### Problem to solve
Output, exactly as written, the lines below from the one that has "ミッション 排気量 |" through the one that has "Kössönjük hagy megvársalota"; nothing else, and no pictures.

### Exercise inputs

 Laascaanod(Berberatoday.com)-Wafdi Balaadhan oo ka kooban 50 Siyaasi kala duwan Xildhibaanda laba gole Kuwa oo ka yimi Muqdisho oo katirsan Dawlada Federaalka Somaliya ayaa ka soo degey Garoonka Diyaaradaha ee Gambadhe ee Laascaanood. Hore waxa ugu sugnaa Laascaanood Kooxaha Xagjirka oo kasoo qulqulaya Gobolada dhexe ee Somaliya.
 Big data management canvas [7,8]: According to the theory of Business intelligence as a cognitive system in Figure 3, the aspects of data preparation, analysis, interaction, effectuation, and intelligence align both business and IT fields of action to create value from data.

---

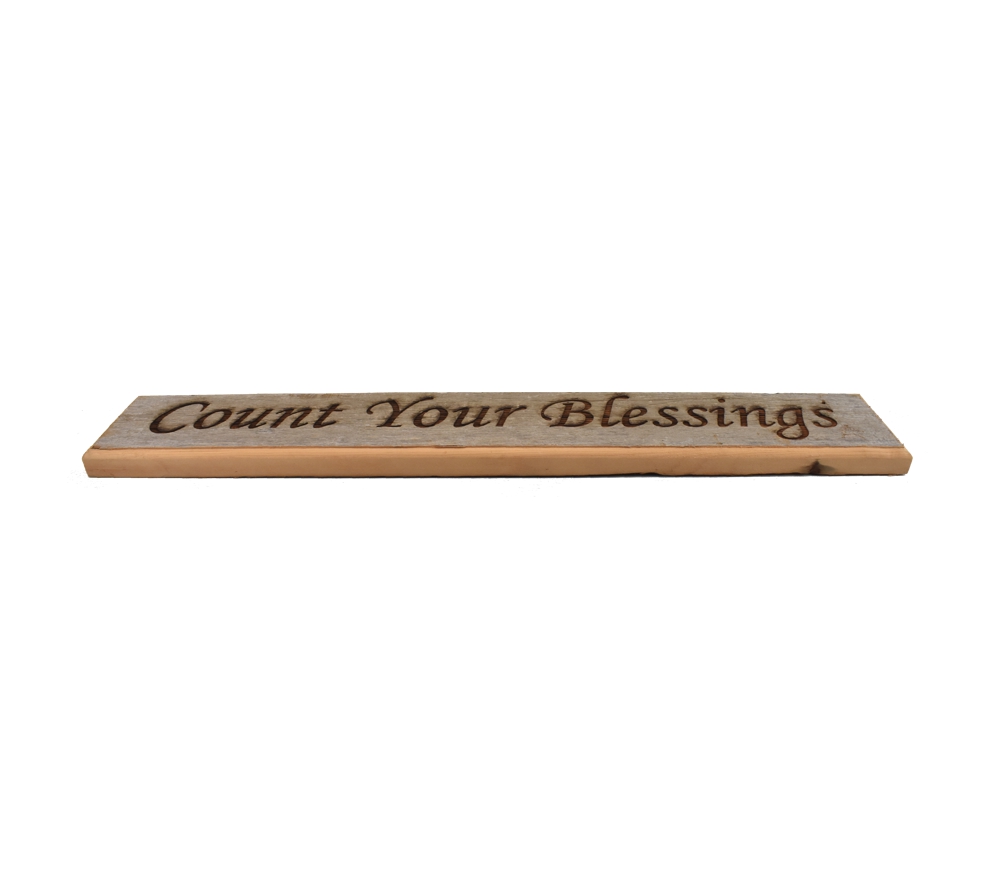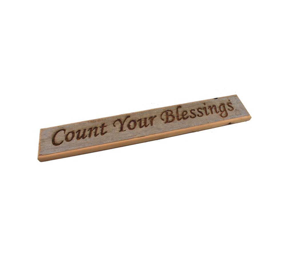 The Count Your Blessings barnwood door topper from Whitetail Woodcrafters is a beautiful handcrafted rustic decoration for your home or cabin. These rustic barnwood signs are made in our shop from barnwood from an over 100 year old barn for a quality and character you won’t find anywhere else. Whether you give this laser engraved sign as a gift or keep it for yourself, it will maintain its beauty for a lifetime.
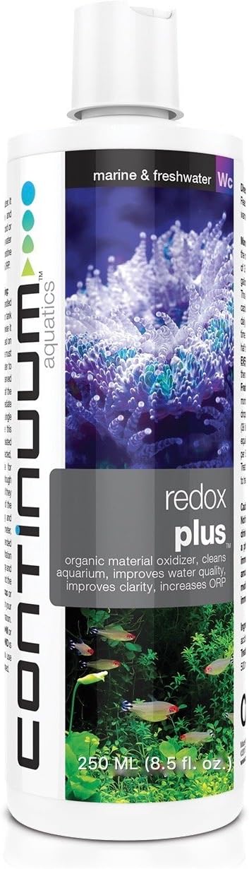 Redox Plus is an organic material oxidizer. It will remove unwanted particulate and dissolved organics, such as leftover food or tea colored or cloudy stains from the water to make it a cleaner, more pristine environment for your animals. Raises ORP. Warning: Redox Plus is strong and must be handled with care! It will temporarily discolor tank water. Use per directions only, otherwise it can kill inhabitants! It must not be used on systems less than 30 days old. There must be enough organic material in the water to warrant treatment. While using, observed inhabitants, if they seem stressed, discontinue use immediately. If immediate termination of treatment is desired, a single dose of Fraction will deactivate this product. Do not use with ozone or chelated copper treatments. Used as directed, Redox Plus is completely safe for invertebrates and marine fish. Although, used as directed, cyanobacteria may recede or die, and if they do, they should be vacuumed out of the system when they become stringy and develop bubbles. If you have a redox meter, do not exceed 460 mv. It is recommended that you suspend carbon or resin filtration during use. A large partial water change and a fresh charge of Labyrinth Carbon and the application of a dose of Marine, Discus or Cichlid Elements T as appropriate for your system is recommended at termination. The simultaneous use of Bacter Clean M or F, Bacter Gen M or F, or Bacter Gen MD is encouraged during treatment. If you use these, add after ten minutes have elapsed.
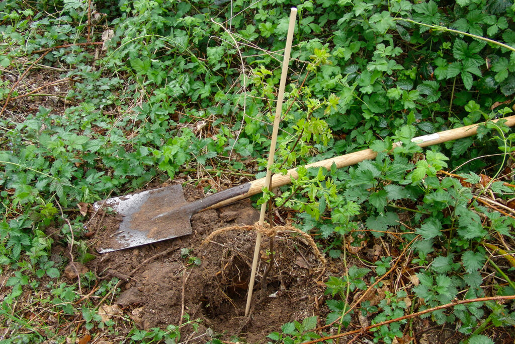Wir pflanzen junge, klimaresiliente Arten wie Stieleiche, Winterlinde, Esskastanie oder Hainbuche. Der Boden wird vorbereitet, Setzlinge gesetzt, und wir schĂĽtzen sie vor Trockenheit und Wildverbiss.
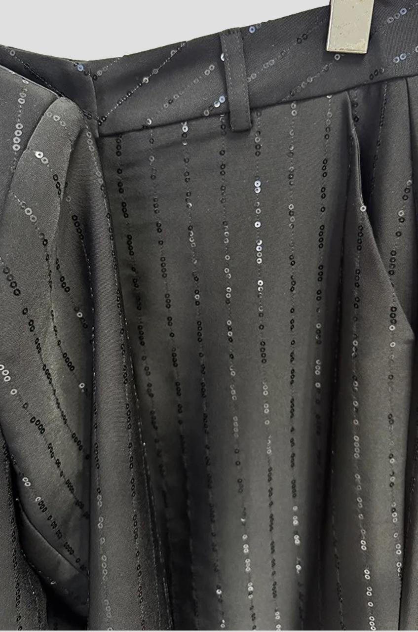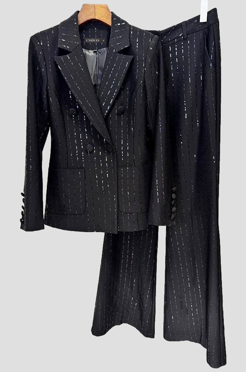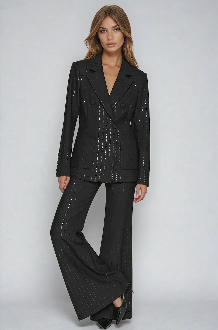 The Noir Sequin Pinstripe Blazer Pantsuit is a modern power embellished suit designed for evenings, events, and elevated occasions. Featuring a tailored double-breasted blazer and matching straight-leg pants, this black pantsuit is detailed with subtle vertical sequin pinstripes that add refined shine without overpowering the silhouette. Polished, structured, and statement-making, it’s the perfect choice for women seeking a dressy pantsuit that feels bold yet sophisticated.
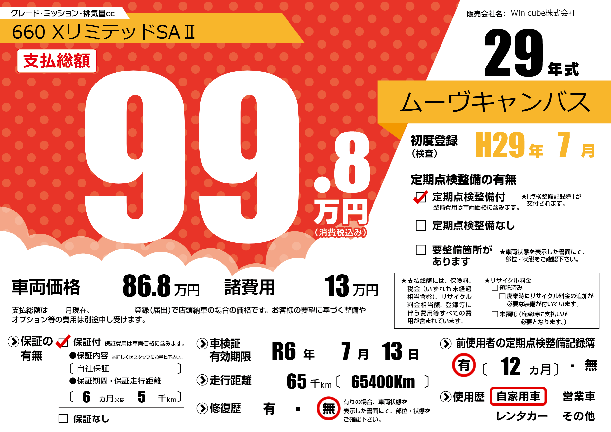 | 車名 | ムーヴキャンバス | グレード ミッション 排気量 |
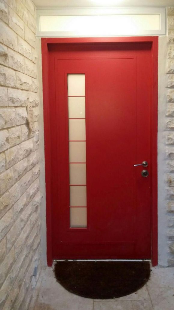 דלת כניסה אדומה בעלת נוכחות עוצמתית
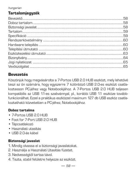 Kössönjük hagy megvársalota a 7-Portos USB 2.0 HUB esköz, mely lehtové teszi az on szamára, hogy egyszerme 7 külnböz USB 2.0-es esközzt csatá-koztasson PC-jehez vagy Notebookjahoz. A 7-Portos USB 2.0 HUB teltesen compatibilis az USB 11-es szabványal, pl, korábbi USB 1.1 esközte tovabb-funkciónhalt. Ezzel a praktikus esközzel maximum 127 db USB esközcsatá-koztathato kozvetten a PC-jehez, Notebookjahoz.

### Reply
 | 車名 | ムーヴキャンバス | グレード ミッション 排気量 |
 דלת כניסה אדומה בעלת נוכחות עוצמתית
 Kössönjük hagy megvársalota a 7-Portos USB 2.0 HUB esköz, mely lehtové teszi az on szamára, hogy egyszerme 7 külnböz USB 2.0-es esközzt csatá-koztasson PC-jehez vagy Notebookjahoz. A 7-Portos USB 2.0 HUB teltesen compatibilis az USB 11-es szabványal, pl, korábbi USB 1.1 esközte tovabb-funkciónhalt. Ezzel a praktikus esközzel maximum 127 db USB esközcsatá-koztathato kozvetten a PC-jehez, Notebookjahoz.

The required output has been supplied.